You play yourself, having somehow gained superpowers. There are five attributes: Strength, Endurance, Agility, Intelligence and Charisma, rated 3 to 18. You don’t roll or point-build them; the gamemaster assigns them, based on where he thinks you rank. Potentially awkward, but you can easily house rule around it. Hmmm, what could we do to randomly generate numbers between 3 and 18? As I stated above, powers are randomly rolled. Roll 1d6+2 to determine how many powers you get. What I like about this is that you can randomly roll a completely lame character with 8 crappy powers, but you could just as easily roll Superman. If you roll a power more than once, you can reroll or pump it up. You do get to pick which table you roll on, so you can at least guide the types (Powers, Devices, Magic/Psionic Items, Skills, and Magic/Psionics) of powers.

To give you an idea, here’s a set of randomly rolled powers. Rolling 1d6+4 I got 4 powers. I stayed on the Powers table for the first three rolls: Illusions, Emotion Control, and Light Control. Those all work thematically for me; light and emotions are bi-products of projecting illusions. Since these all seemed like mental powers anyway, I rolled my last power on the Magic/Psionics table and got Telekinesis. Yeah, I could play this character.

You also have to roll a weakness. I rolled Prejudice, which according to the rules means that other heroes and society in general don’t accept that you’re a good guy. Hmm, given that the character manipulates emotions and tricks people with illusions, I can see that. I’d work with the gamemaster on a good back story. A trickster. Bwahahah.

After powers, you figure out other old school stuff like the base damage you do, carry capacity, hit points, and so on. The whole system is old school; roll a d20 against a target number to hit, increase in levels to increase your to hit bonus and saves, etc. Your powers never really change, but your skill at using them does. You level up based on Experience Points you gain from beating bad guys.

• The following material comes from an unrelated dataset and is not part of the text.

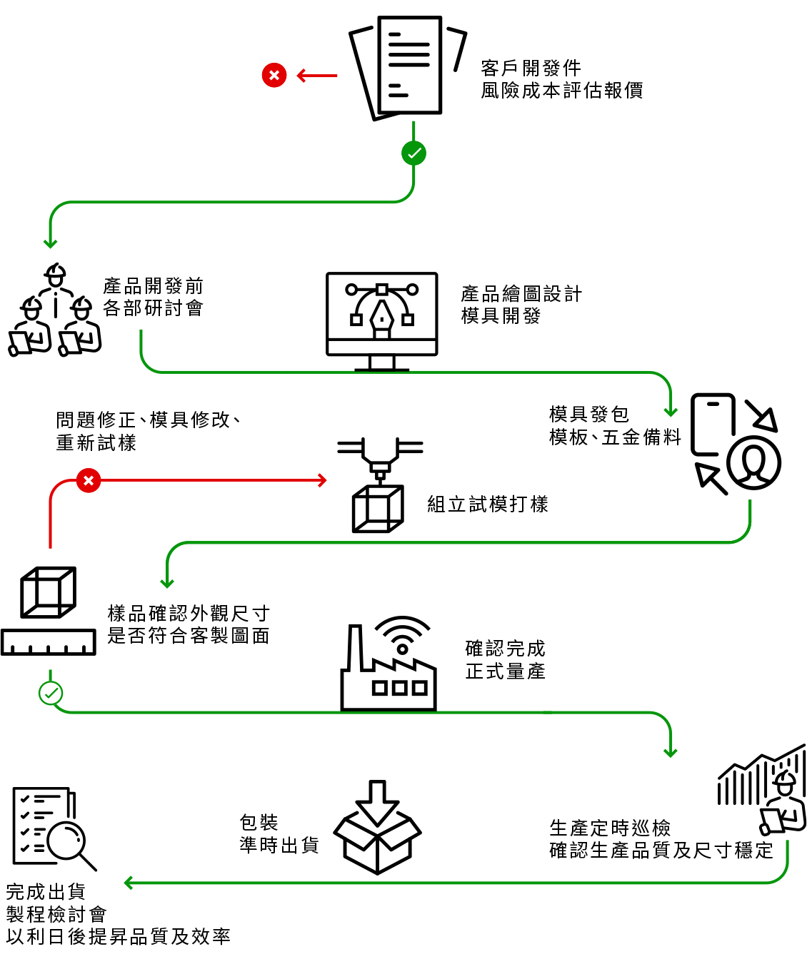 酉耀能依客戶的產品需求從無到有,設計製圖,開模製作,生產加工,包裝出貨。

One major deviation from the familiar norm is Charisma Points. Based on your deeds, the gamemaster can give you Charisma Point for doing good deeds and becoming beloved of the people, or screwing up and having the citizens turn on you. Charisma Points aren’t your Charisma, directly; the guide a roll the player makes to see if the character’s Charisma increases or decreases.There are both Hit Points and Power Points, the latter working kind of like Fatigue, so the character can get knocked out rather than getting killed. Fits the genre.

About half the book is devoted to gamemaster stuff: designing adventures, creating NPCs and villains, dealing with law enforcement and other ramifications of superheroics. Not having my vintage copy of V&V handy, I don’t know how much, if any, of this section was re-written or updated. It’s pretty good stuff, basic and simple yet just enough. It’s got a very Silver Age mentality to it, in that the assumption is that the good guys are Good and will cooperate with the police. You really don’t need a lot of worldbuilding advice when things are as black and white as the world of Adam West’s Batman.

I’m glad V&V is available again, and I hope it finds an audience. Its mere existence makes me happy in a nostalgic way, and re-reading it to discover that it’s a very playable, albeit very old school, game makes me even happier.